Smart and Automated Diagnosis of COVID-19 Using Artificial Intelligence Techniques

Masoud Alajmi1,*, Osama A. Elshakankiry2, Walid El-Shafai3, Hala S. El-Sayed4, Ahmed I. Sallam5, Heba M. El-Hoseny6, Ahmed Sedik7 and Osama S. Faragallah2

1Department of Computer Engineering, College of Computers and Information Technology, Taif University, Taif, 21944, Saudi Arabia
2Department of Information Technology, College of Computers and Information Technology, Taif University, Taif, 21944, Saudi Arabia
3Department of Electronics and Electrical Communications, Faculty of Electronic Engineering, Menoufia University, Menouf, 32952, Egypt
4Department of Electrical Engineering, Faculty of Engineering, Menoufia University, Shebin El-Kom, 32511, Egypt
5Department of Computer Science and Engineering, Faculty of Electronic Engineering, Menoufia University, Menouf, 32952, Egypt
6Department of Electronics and Electrical Communication Engineering, Al-Obour High Institute for Engineering and Technology, Al-Obour, 3036, Egypt
7Department of the Robots and Intelligent Machines, Faculty of AI, Kafrelsheikh University, Egypt
*Corresponding Author: Masoud Alajmi. Email: ms.alajmi@tu.edu.sa
Received: 27 June 2021; Accepted: 24 September 2021

Abstract: Machine Learning (ML) techniques have been combined with modern technologies across medical fields to detect and diagnose many diseases. Meanwhile, given the limited and unclear statistics on the Coronavirus Disease 2019 (COVID-19), the greatest challenge for all clinicians is to find effective and accurate methods for early diagnosis of the virus at a low cost. Medical imaging has found a role in this critical task utilizing a smart technology through different image modalities for COVID-19 cases, including X-ray imaging, Computed Tomography (CT) and magnetic resonance image (MRI) that can be used for diagnosis by radiologists. This paper combines ML with imaging analysis in an artificial deep learning approach for COVID-19 detection. The proposed methodology is based on convolutional long short term memory (ConvLSTM) to diagnose COVID-19 automatically from X-ray images. The main features are extracted from regions of interest in the medical images, and an intelligent classifier is used for the classification task. The proposed model has been tested on a dataset of X-ray images for COVID-19 and normal cases to evaluate the detection performance. The ConvLSTM model has achieved the desired results with high accuracy of 91.8%, 95.7%, 97.4%, 97.7% and 97.3% at 10, 20, 30, 40 and 50 epochs that will detect COVID-19 patients and reduce the medical diagnosis workload.
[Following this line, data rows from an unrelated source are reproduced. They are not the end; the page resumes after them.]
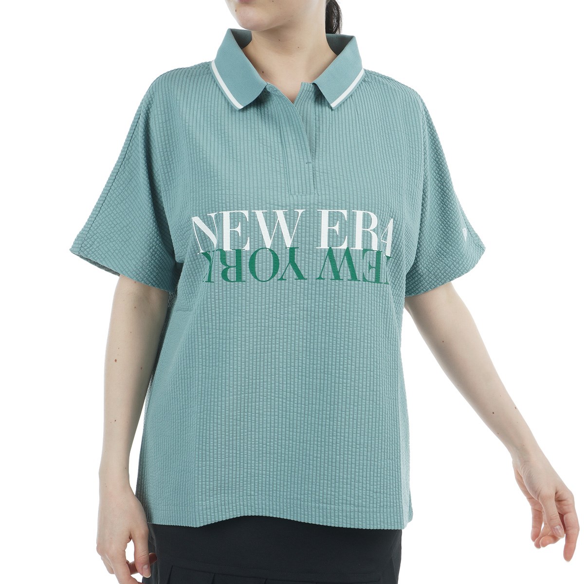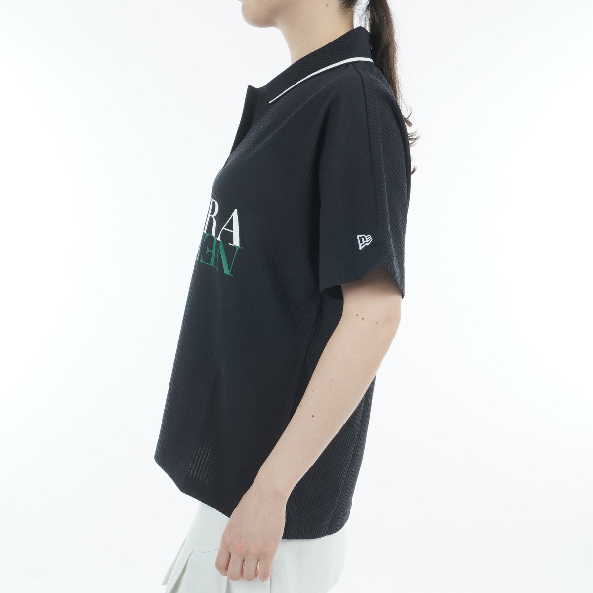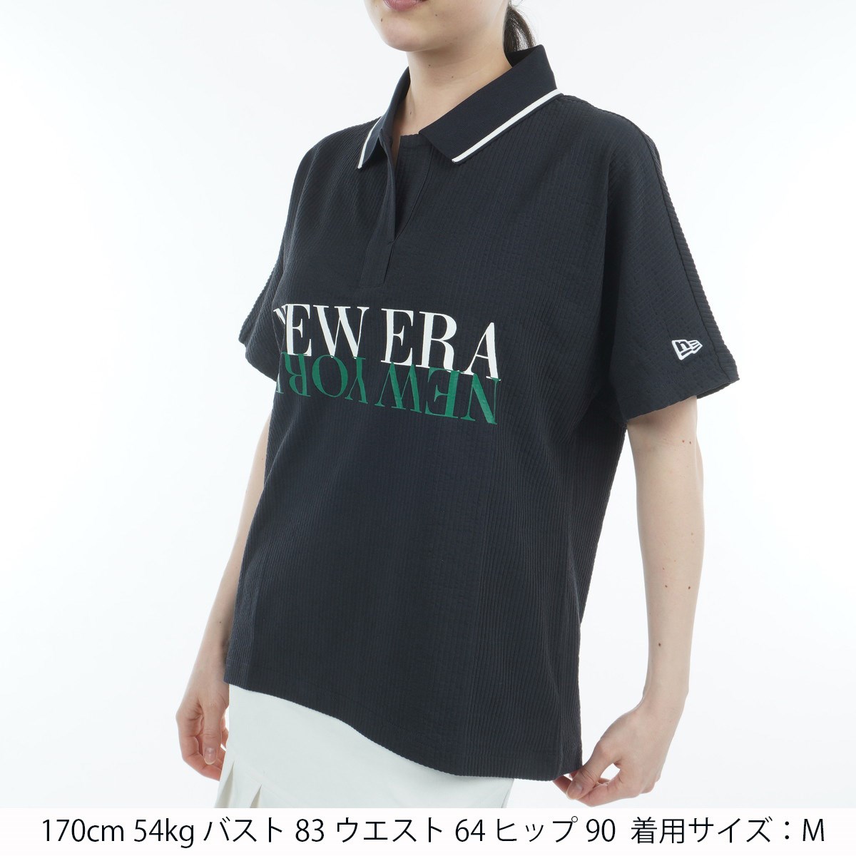 ニューエラ NEW ERA GOLF GFW PL ストレッチ シアサッカー スキッパー半袖シャツ L ネイビー レディス
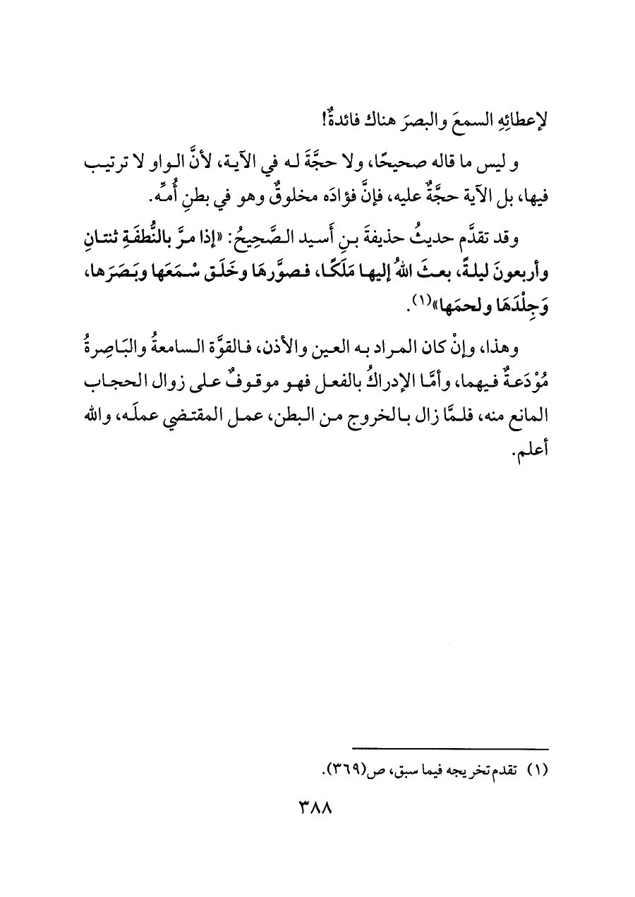و ليس ما قاله صحيحًا، ولا حجَّةَ له في الآية، لأنَّ الواو لا ترتيب فيها، بل الآية حجَّةٌ عليه، فإنَّ فؤادَه مخلوقٌ وهو في بطنِ أُمِّه.
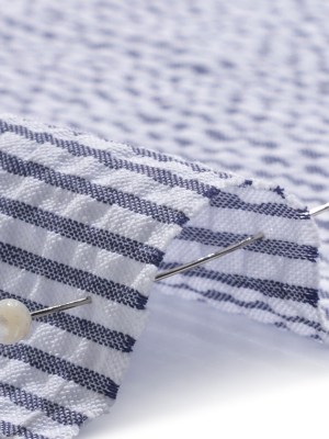 Polyester and Cotton Seersucker – Dark Blue and White Candy Stripes – Wylie Collection
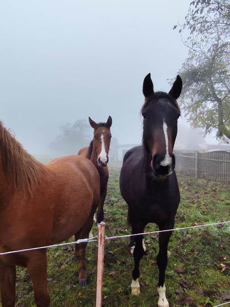 Unfortunately, we cannot keep all of them either. We are a small hobby breeder and only keep our mare foals. Clemens was born in 2022 and has grown up robustly within a herd. His sire is Castello Branco, who has achieved great success up to S*** level. His dam, Delaynie, was also born with us and has competed up to S* level in show jumping with our daughter. Delaynie is a half-bred mare by Domenico xx out of a Ferman-Lonely Boy-Landgraf-Indentat mare line. Clemens was our first foal and is currently approximately 160 cm tall, so not the tallest. As a gelding, he will still grow a few more centimeters, but there are also smaller riders out there. He is looking for HIS person—someone who has the time to work with him and develop him further. He is still quite raw, has been lunged, and is familiar with free jumping. For more information, please contact 01772423528. Please only get in touch if you are genuinely interested; anything else is a waste of time.
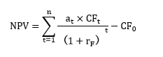 思路:利用確定當量系數(shù),可以把不確定的現(xiàn)金流量折算為確定的現(xiàn)金流量。然后用無風險利率作為折現(xiàn)率計算風險調整后的凈現(xiàn)值,也就是通過縮小凈現(xiàn)值計算的分子來完成風險的處置。
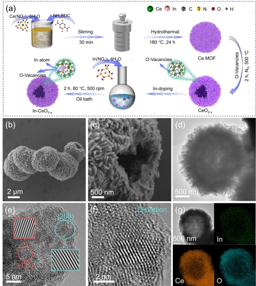 图1. In-CeO2-x的(a) 制备过程示意图,(b,c) SEM图像,(d–f)HRTEM图像和 (g) STEM元素映射。
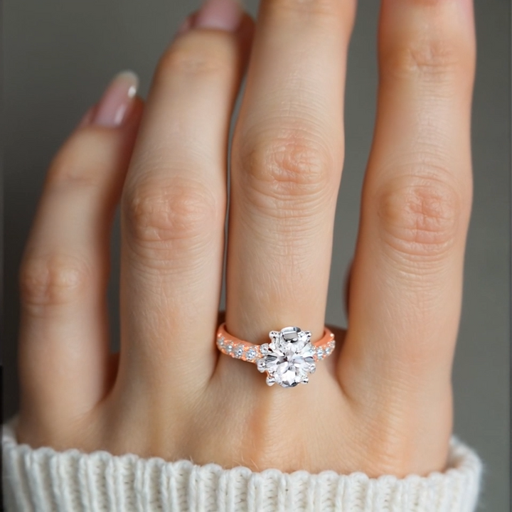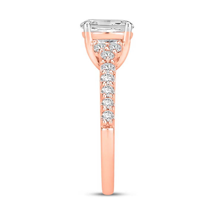 Solid 14K rose gold engagement ring. Center stone: Oval lab-created diamond (D color, VVS1 clarity; 0.5 to 3 CT range). Total weight: 1 to 3.5 CT. Features Excellent (3EX) cut, polish, and symmetry. IGI Certified.
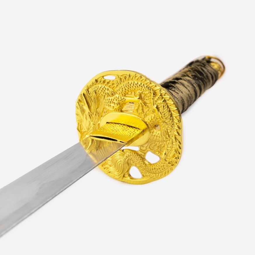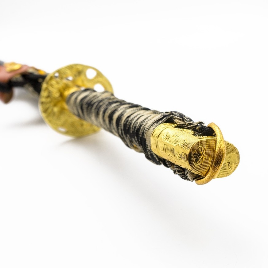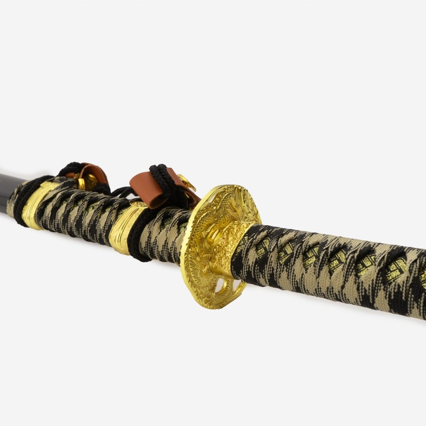 - Zwart gelakte bamboe houten Saya (schede). Zwart en goud gevlochten Tsuka (handvat) en vergulde legering Tsuba (zwaardbeschermer).
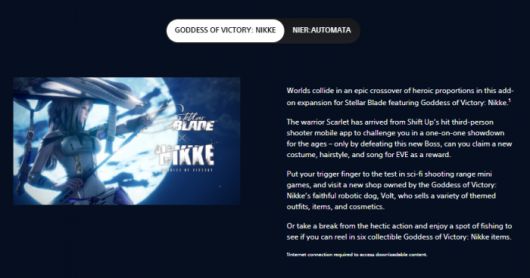 해당 소식은 북미 플레이스테이션 공식 홈페이지를 통해 밝혀졌다. PC 버전 <스텔라 블레이드>의 상세 정보와 함께 <니어: 오토마타>와 <니케> 콜라보 DLC 정보를 함께 공개한 것. 해당 내용에 따르면 ‘홍련’과의 1:1 보스전, 사격장 미니 게임, ‘볼트’의 상점, 낚시 콘텐츠 등을 선보일 예정이다.
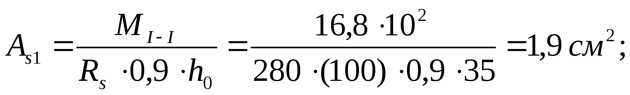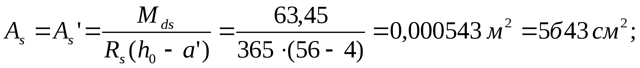 Необходимая площадь сечения арматуры из условия прочности сечения:
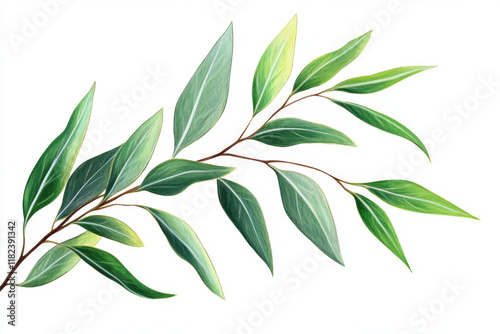 Obraz premium A detailed illustration features a branch adorned with various green leaves,...
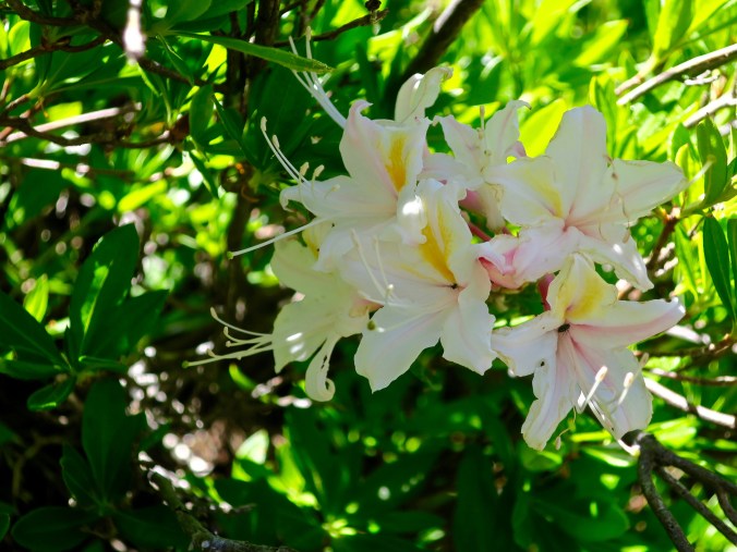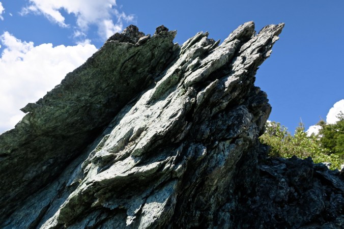Rocks also captured our attention and schist, a metamorphic rock, was common along this section of the trail. Quartz, which Peggy loves, is often found with schist. In fact, Peggy likes to pick quartz up to take home for her rock garden. There was no picking up quartz to go in our backpacks this time, however!

Keywords: COVID-19; deep learning; X-ray images; conv LSTM

1  Introduction

In December 2019, the COVID-19 pandemic emergency was identified in China and is still spreading from human to human rapidly worldwide. In addition to its public health implications, it is a substantial financial burden for all countries on top of the problem surrounding the low efficiency of vaccinations and the difficulty of obtaining them. Therefore, the detection of COVID-19 at an early stage plays a vital role in controlling and transmitting the virus. According to the Chinese government guidelines [1], the virus diagnosis by gene sequencing for blood or respiratory samples is the main pointer for reverse transcription-polymerase chain reaction (RT-PCR). However, the RT-PCR process takes a long time to get results compared to the rapid spread rate of COVID-19, which means many infected patients go undetected. Several efforts have been made to search for alternative methods to mitigate the current inefficiency and scarcity of COVID-19 testing.

Over the past two decades, automatic disease diagnosis has been used in the medical sciences to provide fast and accurate results. Medical imaging has become one of the most important medical sciences which are based on visualization diagnosis. It has captured researchers’ attention through different modalities such as X-ray, CT, and MRI to diagnose different diseases. The mechanism of image acquisition plays a role in the correct diagnosis of the COVID-19 pandemic from the acquired images [25]. X-ray beams are directed towards the lung, as X-ray imaging depends on the interaction between photons and electrons, resulting in different absorption levels due to densities of tissues classes [611]. Hence, there is a difference between normal lung images, pneumonia images, and COVID-19 images, as illustrated in Fig. 1.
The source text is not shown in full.